5. ROLL: Distributed RL and Post-Training Optimization
ROLL coordinates RL optimization by atomic parallelism across LLM generation, environment interaction, and reward computation. Key mechanisms include:
- Fine-grained due diligence through sample-level parallelization and a bounded staleness asynchronous buffer.
- Dynamic Train–Rollout multiplexing to maximize GPU utilization by reallocating resources from idle rollout workers to active trainers.
- Weight synchronization ensures global policy coherence across all workers after each RL epoch.
These mechanisms reduce post-training RL wall time by 30–40% without degrading final policy quality, underpinning scalable agentic RL (Wang et al., 31 Dec 2025).
6. ROCK: Sandboxed Trajectory Generation and Evaluation
ROCK orchestrates the sandboxed environment required for agentic trajectory generation:
- Each RL step triggers a sandbox instance (Docker-based) with egress restrictions (Rocklet).

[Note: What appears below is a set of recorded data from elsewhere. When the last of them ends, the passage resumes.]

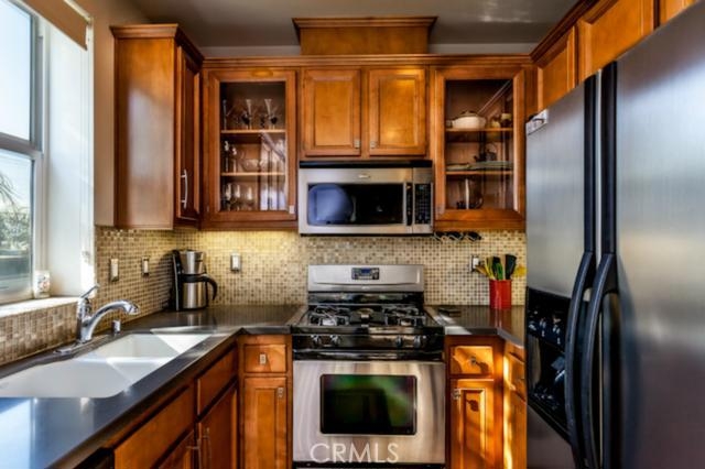 Reduced! The Palazzo at Renaissance Plaza. The well-maintained tri-level 2 bed 3 bath home made by Taylor Morrison is rare to see on the market. Boasts an office niche area at ground level. As you walk up the stairs you'll see your elegant kitchen with stainless steel appliances and siltstone countertops. Which are all included with this sale. This is great for entertaining as you notice the kitchen is open to the dining area. The living area also comes with surround speakers great for entertaining. On the same level is where you'll find the laundry room with a half bath that includes italian tile and access to a balcony. As you come up the stairs you'll see the full bath to the left. This is where the two rooms are located. The master bedroom has surround speakers installed (included) The master bath has a separate shower from the bath with his and her sinks to freeways 91,22,405, major amusement parks, shopping plazas, work communicate and the beach. Parking is ample, BBQ area, covered lounge area with fireplace, and community pool/ Jacuzzi area just a few amenities why people are flocking to this community.
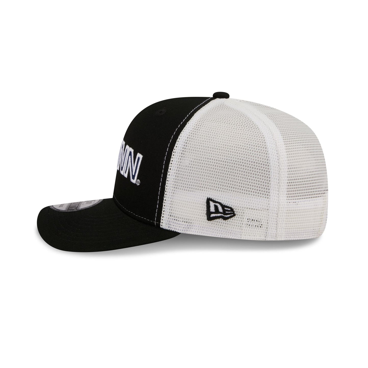The Connecticut Huskies Collegiate Black 9SEVENTY Trucker features an embroidered Huskies logo at the front panels with an adjustable stretch-snap closure at the rear and red patterned undervisor.
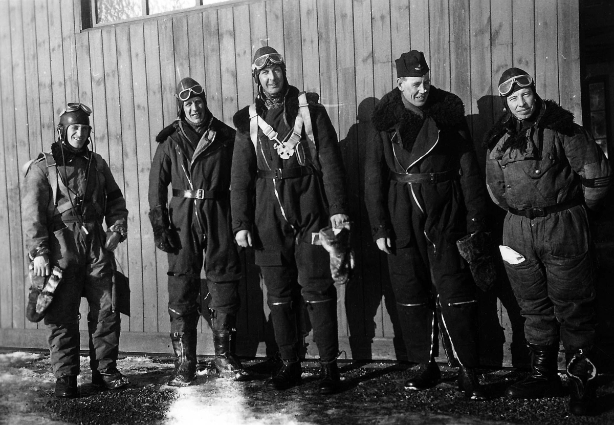 Grupporträtt av fem militära flygare i flygdräkt framför en hangarport, vintertid. 1930-tal.

- All model inference is routed via ModelProxyService → iFlow CLI for context completeness.
- EnvHub guarantees environment reproducibility; supports multi-agent workflows and fault isolation.
- Trajectory traces are stored with fine-grained tool call/output/reward/error codes for further RL and IPA error masking.

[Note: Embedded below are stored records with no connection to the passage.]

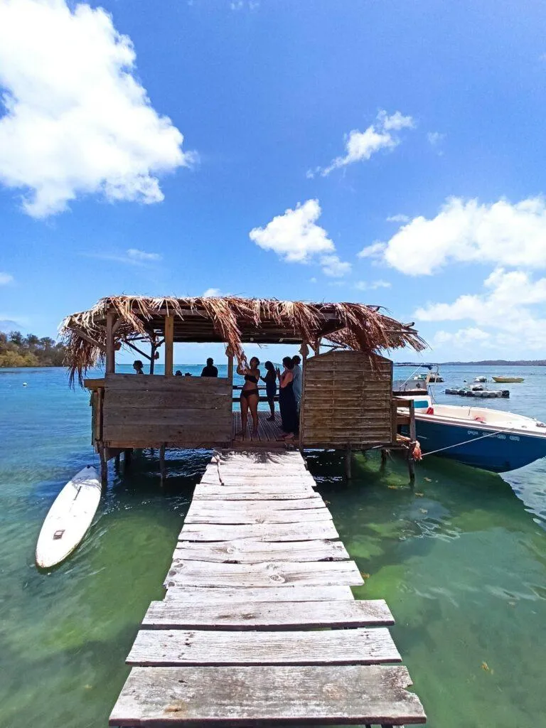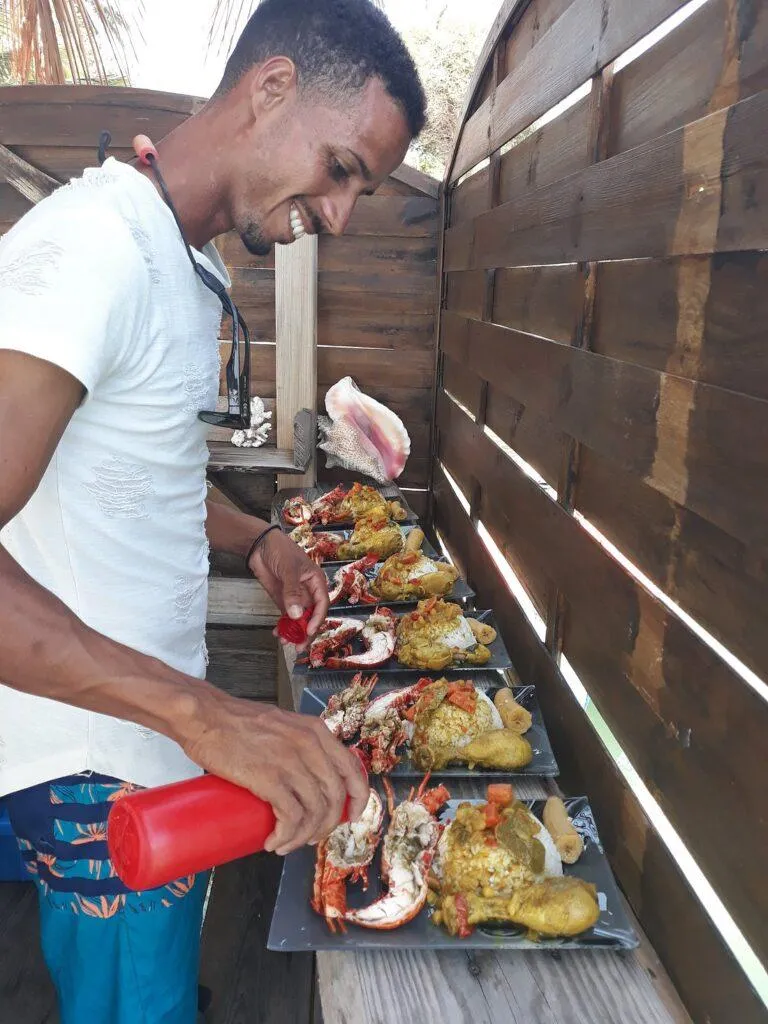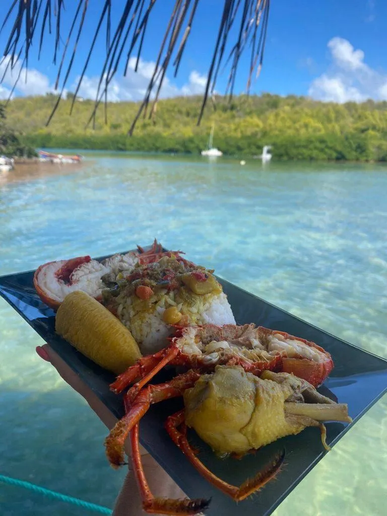Le repas se déroule dans une paillote sur l'eau, directement devant l'habitation d'Emmanuel Baur, créant une atmosphère conviviale et typiquement martiniquaise. La langouste servie provient de sa propre pêche, garantissant fraîcheur et qualité exceptionnelles.
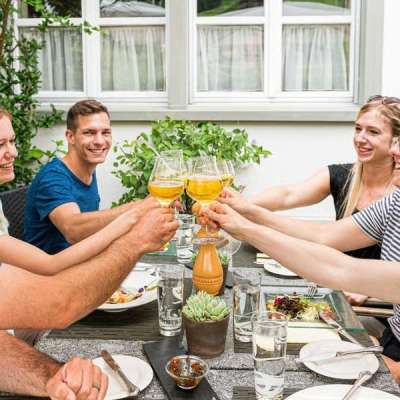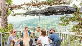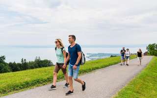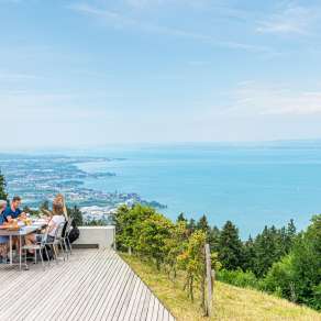 Nach der ersten Etappe über blühende Wiesen und durch schattige Wälder serviert dir das Restaurant Bären eine reichhaltige Vorspeise mit Gruber Spezialitäten. Mit neu gewonnener Energie machst du dich auf den Weg hoch zum Aussichtspunkt Fünfländerblick. Geniesse den spektakulären Blick über den Bodensee und auf fünf Länder: die Schweiz, Österreich, sowie die ehemaligen eigenständigen Staaten Baden, Württemberg und Bayern. Weiter geht die Wanderung bis zum Restaurant Treichli, welches einen echten Klassiker bereithält, garniert mit einem atemberaubenden Ausblick auf den Bodensee. Nun folgt der Abstieg zum Ausflugsziel Steiniger Tisch, wo bereits eine wohlverdiente Nachspeise bei bestem Ausblick über die Thaler Rebberge auf dich wartet. Die letzte Etappe endet beim Bahnhof Rheineck, wo dich die S-Bahn bequem zurück nach St.Gallen bringt. En Guätä!
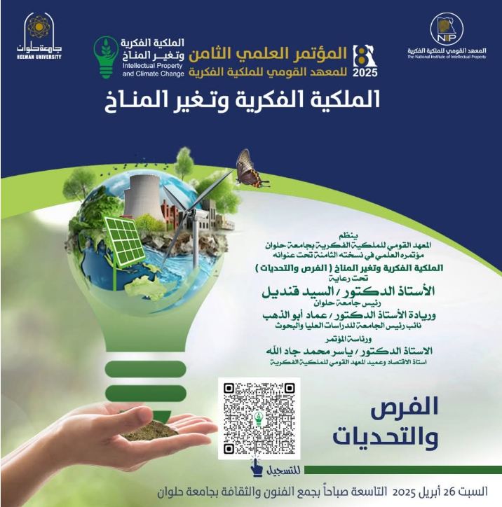 ينظم المعهد القومى للملكية الفكرية بجامعة حلوان المؤتمر العلمى الثامن تحت عنوان " الملكية الفكرية وتغير المناخ : الفرص والتحديات" يوم السبت ٢٦ أبريل الجارى.
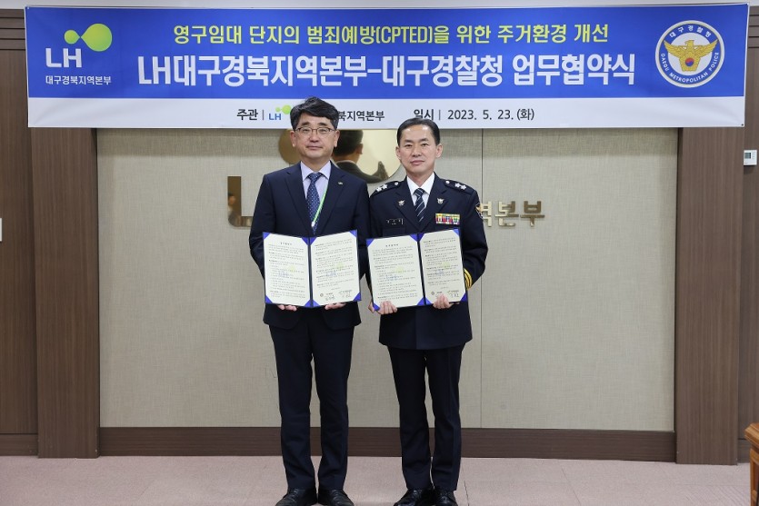 LH 대구경북지역본부는 대구경찰청(김수영 경찰청장)과 LH 임대주택 단지내 셉테드(CPTED) 기반의 생활안심단지 조성과 범죄피해로부터 입주민의 안전 확보를 위한 업무협약을 23일 체결했다고 밝혔다.

This infrastructure separates code/execution context from model, supporting rigorous, secure, and reproducible benchmarking (Wang et al., 31 Dec 2025).
7. iFlow CLI: Context Engineering and Agent Orchestration
iFlow CLI manages:
- Memory and Retrieval: Persistent todo lists and semantic retrieval from project knowledge bases or vector DBs.

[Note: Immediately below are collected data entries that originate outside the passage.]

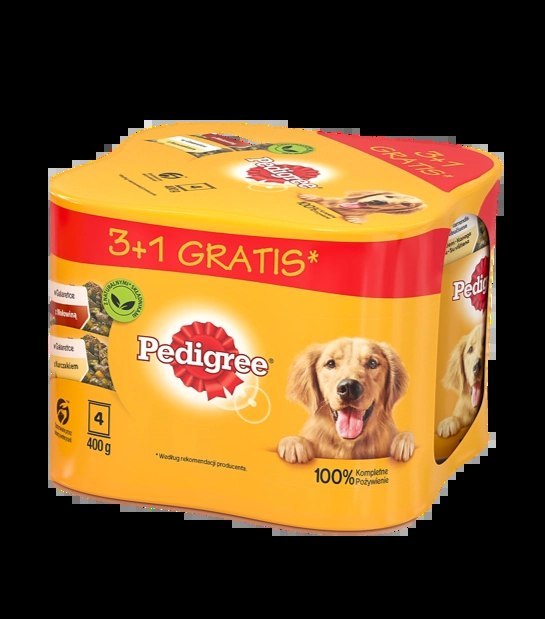 PEDIGREE Adult 3+1 z Wołowiną i z Kurczakiem w Galaretce to bogaty w składniki naturalnego pochodzenia pokarm, który w pełni zaspokoi potrzeby dorosłych psów. Pupile odkryją w nim delikatne mięsiste kawałki i składniki, które są źródłem m.in. białka, kwasów Omega-6, witaminy D3 i E. Specjalna formuła zapewnia psu kompletne i zbilansowane pożywienie, zawierające wszystko, czego potrzebuje. Dzięki niej Twój towarzysz zachowa zdrową energię i dobre samopoczucie. Wybierając jedzenie PEDIGREE serwujesz psu wysokiej jakości posiłek, który smakuje i pachnie wyśmienicie. Dobre trawienie - Naturalny błonnik pomaga zachować zdrowy układ trawienny, by pies zawsze czuł się jak najlepiej. Zdrowa skóra i sierść - Cynk i olej słonecznikowy, zawierający kwasy Omega-6, wspierają zdrowie skóry i piękną sierść. Naturalne mechanizmy obronne - Witamina E oraz substancje mineralne troszczą się o silne, naturalne mechanizmy obronne.
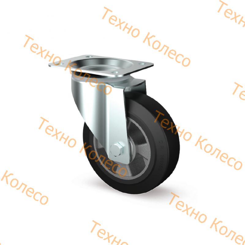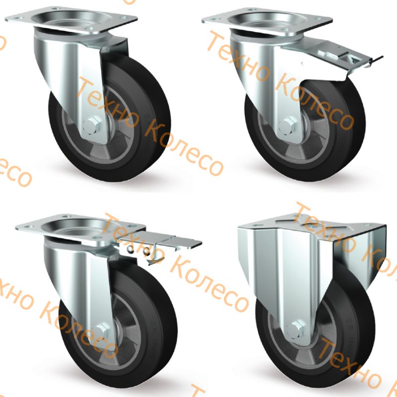 Основание колеса из алюминия,контактный слой из черной эластичной резины (твердость 68 Шор А). Прецизионные шариковые подшипники в ступице колеса
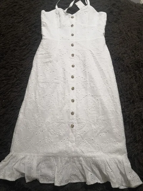Dress: hollow out white cotton dress
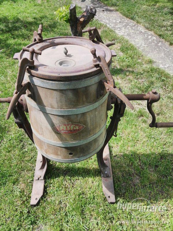 Prodám starožitnou máselnici. Vše v původním stavu. Celkový stav dobrý. Rozměry: výška 120cm, šířka 115cm. Rozměry sudu: výška 70cm, šířka 50cm. Na sudu je původní logo výrobce viz foto. Cenu prosím nabídněte.
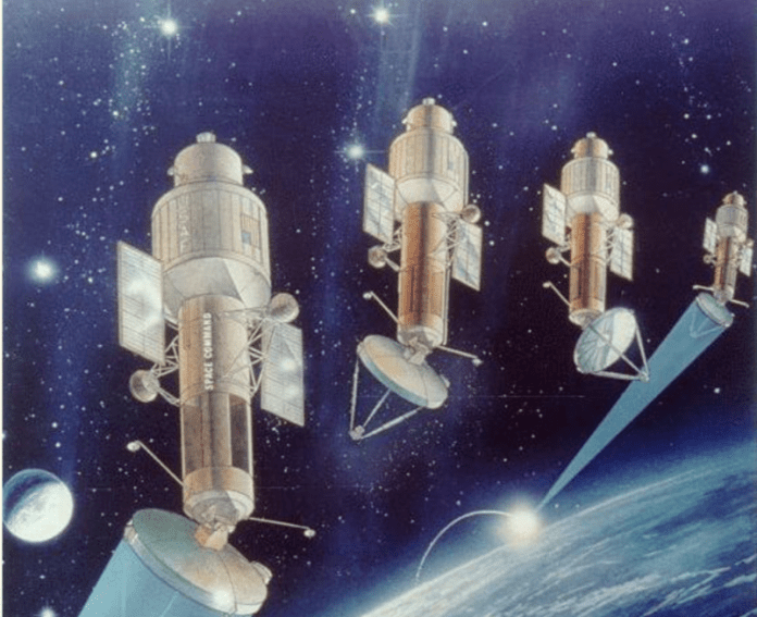 Dornberger’s nuclear link continues in various forms throughout the U.S. military space program. The Strategic Defense Initiative scheme of Reagan—although this was barely disclosed at the time—was predicated on orbiting battle platforms with on-board hypervelocity guns, particle beams and laser weapons. They were to be energized by on-board nuclear reactors.

- Context Compression/Pruning: Lossy and lossless context reduction for window fit.
- Workflow/Spec Injection: Modular system prompt/workflow configuration, supporting custom toolchains (via MCP) and specialized task handling.
- Task Decomposition: Sub-agent partitioning for modular subtask context isolation and orchestration.
Optimized context fit yields 20–30% inference speedup by eliminating redundant token consumption and maximizing context-window utilization (Wang et al., 31 Dec 2025).
8. Empirical Evaluation and Benchmark Results
ROME's performance is validated across several agentic and programming benchmarks:
| Benchmark | ROME | Qwen3-30B | Devstral-24B | GPT-OSS-120B | Gemini-2.5 | GLM-4.5 | GPT-5-Mini | Avg |
|---|---|---|---|---|---|---|---|---|
| Terminal-Bench 1.0 | 41.50 | 28.50 | 28.33 | 31.25 | 23.75 | 30.00 | 33.75 | 32.68 |
| Terminal-Bench 2.0 | 24.72 | 13.48 | 18.20 | 21.12 | 16.40 | 17.30 | 20.97 | 19.39 |
| SWE-Bench Verified | 57.40 | 46.33 | 51.87 | 43.93 | 28.73 | 56.20 | 59.30 | 50.71 |
| SWE-Bench Multilingual | 40.00 | 30.00 | 27.00 | 34.84 | 11.50 | 38.16 | 49.67 | 35.81 |
| Terminal-Bench Pro (pub) | 40.50 | 26.00 | 32.17 | 32.00 | 23.67 | 33.00 | 34.75 | 32.73 |
| Terminal-Bench Pro (priv) | 21.50 | 11.33 | 17.00 | 27.83 | 15.17 | 15.83 | 29.50 | 20.53 |
| Average | 37.60 | 25.94 | 29.10 | 31.83 | 19.87 | 31.75 | 37.99 | 32.14 |
ROME matches or exceeds the performance of comparable 30B–120B models on all Terminal-Bench and SWE-Bench variants, and demonstrates robust generalization to tool-use and agentic evaluation (TAU²-Bench, BFCL-v3, MTU-Bench).
A plausible implication is that ALE's end-to-end integration of modeling, data, RL, and environment delivers consistent, scalable agentic performance with models substantially smaller than bespoke LLMs, suggesting a decisive advantage of the ALE pipeline for open-source, high-fidelity agentic development (Wang et al., 31 Dec 2025).